### Task to carry out:
Every line from the one containing "財政部副部長廖岷介紹,今年1" to the one containing "образовательные технологии на" in the records below, both included, must be set down exactly, and no other line.

### Dataset records:
"""

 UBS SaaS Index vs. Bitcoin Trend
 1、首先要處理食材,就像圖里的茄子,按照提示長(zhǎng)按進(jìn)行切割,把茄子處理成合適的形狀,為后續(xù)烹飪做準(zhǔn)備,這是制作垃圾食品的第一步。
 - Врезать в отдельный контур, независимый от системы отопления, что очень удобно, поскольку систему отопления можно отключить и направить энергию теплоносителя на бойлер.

"""
"""

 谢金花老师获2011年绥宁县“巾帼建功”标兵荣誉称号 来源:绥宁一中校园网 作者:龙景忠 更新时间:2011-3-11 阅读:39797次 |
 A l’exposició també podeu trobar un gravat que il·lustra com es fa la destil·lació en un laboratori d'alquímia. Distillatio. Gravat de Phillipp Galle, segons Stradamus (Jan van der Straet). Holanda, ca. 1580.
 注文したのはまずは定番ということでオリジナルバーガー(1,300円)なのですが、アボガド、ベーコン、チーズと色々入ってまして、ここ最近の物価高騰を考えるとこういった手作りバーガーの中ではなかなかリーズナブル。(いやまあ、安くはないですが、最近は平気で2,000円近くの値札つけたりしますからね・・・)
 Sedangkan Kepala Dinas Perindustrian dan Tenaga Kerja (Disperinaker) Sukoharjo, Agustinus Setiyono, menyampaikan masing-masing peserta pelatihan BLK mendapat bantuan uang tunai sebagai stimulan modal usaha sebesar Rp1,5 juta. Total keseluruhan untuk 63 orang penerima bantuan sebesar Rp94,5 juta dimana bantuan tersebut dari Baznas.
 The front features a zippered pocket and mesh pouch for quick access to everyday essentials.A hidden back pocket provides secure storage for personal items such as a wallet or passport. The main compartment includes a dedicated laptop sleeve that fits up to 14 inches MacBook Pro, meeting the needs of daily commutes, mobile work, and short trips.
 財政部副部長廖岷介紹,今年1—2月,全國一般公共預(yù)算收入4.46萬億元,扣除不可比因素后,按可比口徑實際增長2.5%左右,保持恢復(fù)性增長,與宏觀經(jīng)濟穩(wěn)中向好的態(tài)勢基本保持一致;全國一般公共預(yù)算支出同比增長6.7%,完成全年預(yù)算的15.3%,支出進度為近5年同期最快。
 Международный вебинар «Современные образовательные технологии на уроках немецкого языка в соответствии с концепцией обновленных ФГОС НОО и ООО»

"""

### Completed task:
 財政部副部長廖岷介紹,今年1—2月,全國一般公共預(yù)算收入4.46萬億元,扣除不可比因素后,按可比口徑實際增長2.5%左右,保持恢復(fù)性增長,與宏觀經(jīng)濟穩(wěn)中向好的態(tài)勢基本保持一致;全國一般公共預(yù)算支出同比增長6.7%,完成全年預(yù)算的15.3%,支出進度為近5年同期最快。
 Международный вебинар «Современные образовательные технологии на уроках немецкого языка в соответствии с концепцией обновленных ФГОС НОО и ООО»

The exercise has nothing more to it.